Разве недостаточно того, что суд над Кацавом ведётся под покровом мрака, то есть за закрытыми дверьми? Общепринятый в наших краях повод для ведения процесса за закрытыми дверьми – защита личностей жалобщиц. Но самое интересное, что суды по сексуальным преступлениям, главным образом – по изнасилованиям, в большинстве стран Запада происходят при открытых дверях. Нам всем памятен суд над Майклом Джексоном, обвиняемым в целой серии предосудительных деяний по отношению к мальчику 12 лет. Этот мальчик, будучи несовершеннолетним 15-летним подростком, на суде над Джексоном давал свои показания не только при открытых дверях, но и под софитами телекамер в зале суда, и его свидетельства транслировались в прямом эфире на весь мир.
В суде, проходящем под покровом мрака, его справедливость не только не очевидна, она там попросту отсутствует. В полном противоречии с основным правилом, согласно которому защите обвиняемого всегда предоставляли право на последнее слово, в суде над Кацавом истица получила право не только на первое, но и на последнее слово, несмотря на возражения адвокатов. Из-за ведения дела за закрытыми дверьми, никто не знает об этом неподобающем решении суда – о решении, которое одно только может выбить почву из-под защиты на судебном процессе.
Вот что явилось главной причиной того, что, по просьбе прокуратуры, БАГАЦ в ходе обсуждения опубликованных утверждений, наложил строгий и полный запрет на опубликование аргументов защиты касательно некоторой проблематичности версии жалобщицы «А. из министерства туризма». Эта версия была воспринята мировым судом без ограничения и явилась основой для обвинения Кацава в двух актах изнасилования. Таким образом, никто никогда не узнает о сомнительном характере показаний этой дамы - даже с точки зрения искового заявления. А ведь мы ещё не сказали ни слова о том, что израильская судебная система, сама себя называющая – устами своих верных репортёров! - «великолепной», выдаёт такой процент обвинительных приговоров, коего нет ни в одной демократической стране – 99.9%!

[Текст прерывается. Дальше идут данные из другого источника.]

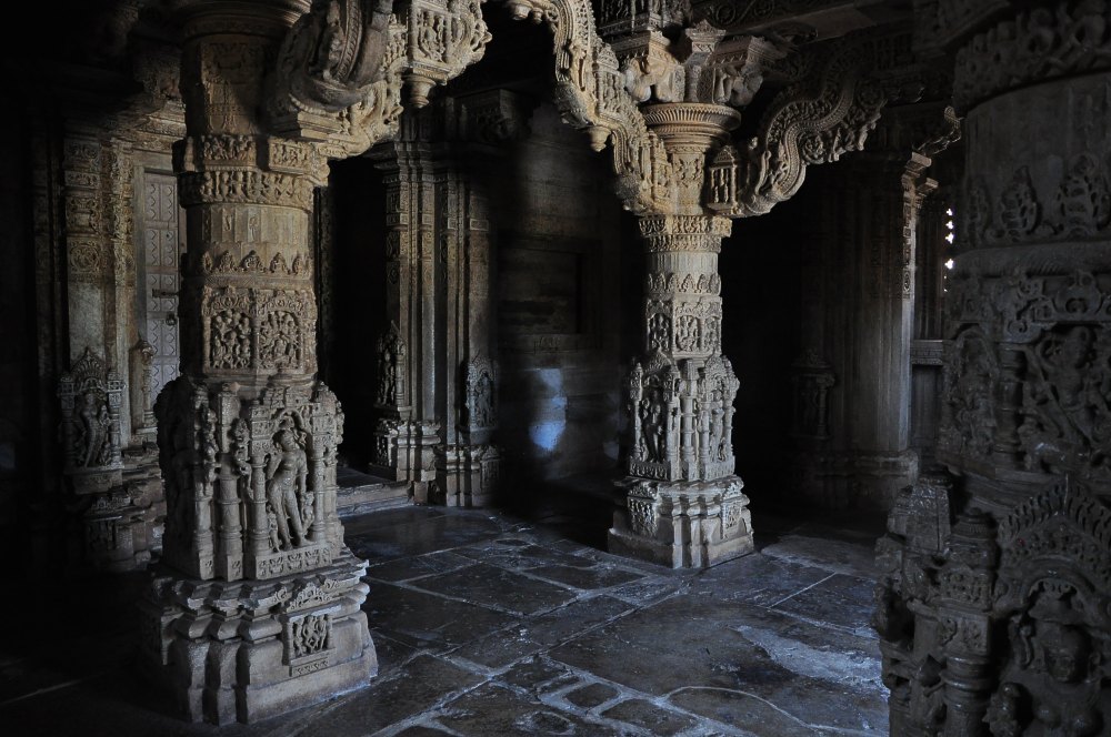 Le toit du mandapa, hall de prières, est soutenu par de magnifiques colonnes sculptées représentant des scènes du Ramayana, l’épopée fondatrice indienne.

Эта запись не является выжимкой из аргументов, приведённых в кассации Моше Кацава, поданной в Верховный Суд. А стало быть, тут не место для подробной аргументации неверных действий мирового суда в вынесении приговора. Мы просто напомним об одном постановлении суда: поскольку Кацав, его приближённые и адвокаты пытались защищаться с помощью СМИ от бурной кампании организованной против него травли, следует создать равновесие между двумя сторонами, то есть обвиняемый уже не может жаловаться на то, что его судят прилюдно. Достаточно этих слов, чтобы понять – у Кацава не было даже несчастных 0.1% шанса на то, что ему будет вынесен оправдательный приговор, и даже 0.01% тоже не было.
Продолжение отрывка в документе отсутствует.